Later, the parishioners also picked the date to buy beer for their priests in order to share with them how they have benefitted from the impact of their priesthood and show appreciation to them.

What is the Catholic history of beer?

Like universities and hospitals, the roots of the modern beer brewing industry run through the Catholic monasteries of Europe.

And although many of the monasteries are gone, their beer lives on as some of the most well-known brands in the world, said Scott Mertie, a parishioner at Holy Family Church in Brentwood, a beer historian, and the owner of Nashville Brewing Co.

Originally, beer was primarily brewed in homes. But in the Middle Ages, there was a shift to brewing beer in monasteries.

The monasteries would host people as they passed through the town, offering them shelter, food and drink, often beer. Just as the monasteries were making their own food, such as cheese, they started brewing their own beer.

Beer was an important part of the monks’ diet. They were mostly drinking beer. For them, it was safer than water.

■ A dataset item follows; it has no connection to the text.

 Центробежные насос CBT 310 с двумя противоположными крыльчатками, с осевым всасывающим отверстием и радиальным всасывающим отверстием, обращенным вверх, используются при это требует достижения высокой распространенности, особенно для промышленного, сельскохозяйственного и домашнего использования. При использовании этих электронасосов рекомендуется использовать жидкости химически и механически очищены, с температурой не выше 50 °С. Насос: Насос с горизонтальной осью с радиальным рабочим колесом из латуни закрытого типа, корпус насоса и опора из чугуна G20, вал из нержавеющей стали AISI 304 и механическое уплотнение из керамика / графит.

The monks started recording their beer recipes, documenting every batch, and keeping track of what worked and what didn’t, Mertie explained. As monks would leave one monastery to establish another, they would bring their recipes for beer with them.

It was the monks who discovered that adding hops to the recipe acted as a preservative, which allowed the monasteries to keep their beer in kegs and ship it to other communities. It was a secret the monasteries kept to themselves.

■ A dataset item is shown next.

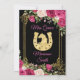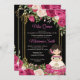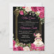 Mexican Pink Roses Flowers & Black Background Quinceanera Invitation,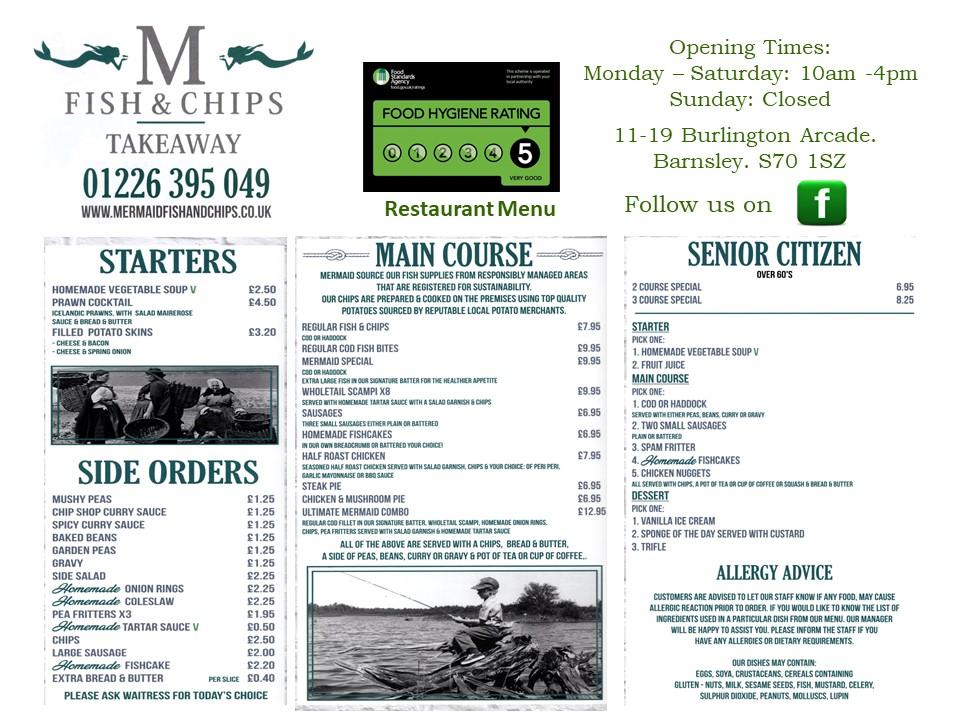 Mermaid Fish and Chips is nestled in Burlington Arcade, Barnsley, S70 1SZ, a convenient location for both locals and visitors. The ambiance feels homey and casual, perfect for unwinding with friends and family or enjoying a quick meal after exploring the area. The restaurant’s history is cherished, as it continues the legacy of quality and value that has defined it over the years. It spans a delightful blend of traditional British fare and contemporary dining options, making it accessible for every taste.

The process of boiling the hops had the extra benefit of making beer safer to drink than water, especially during the many plagues that struck Europe during the Middle Ages.

St. Arnold of Metz, the patron saint of brewers, once blessed the kettle used to brew beer to convince the people of the city to drink beer instead of water during a plague, which saved many lives.

Beer saints

There are many saints of the Church who have connections to beer and brewing

St. Florian, the patron saint of Austria, Poland, firefighters and brewers, saved the city of Nuremberg, Germany, from a massive fire by using beer from a local brewery to put out the fire.

St. Brigid of Kildare, one of the patron saints of Ireland, was a brewer and several miracles involving beer are attributed to her, including using one keg from her monastery to supply beer to 18 other monasteries. On another occasion, she changed the dirty bathwater in a leper colony into beer.

St. Arnold of Soissons, the patron saint of hops pickers and Belgian brewers, is credited with improving filtration techniques for beer.

In the 1500s, brewing beer started moving from the monasteries to secular brewers. Some of those secular brewers with monastic roots are still brewing today, including Augustiner and Paulaner.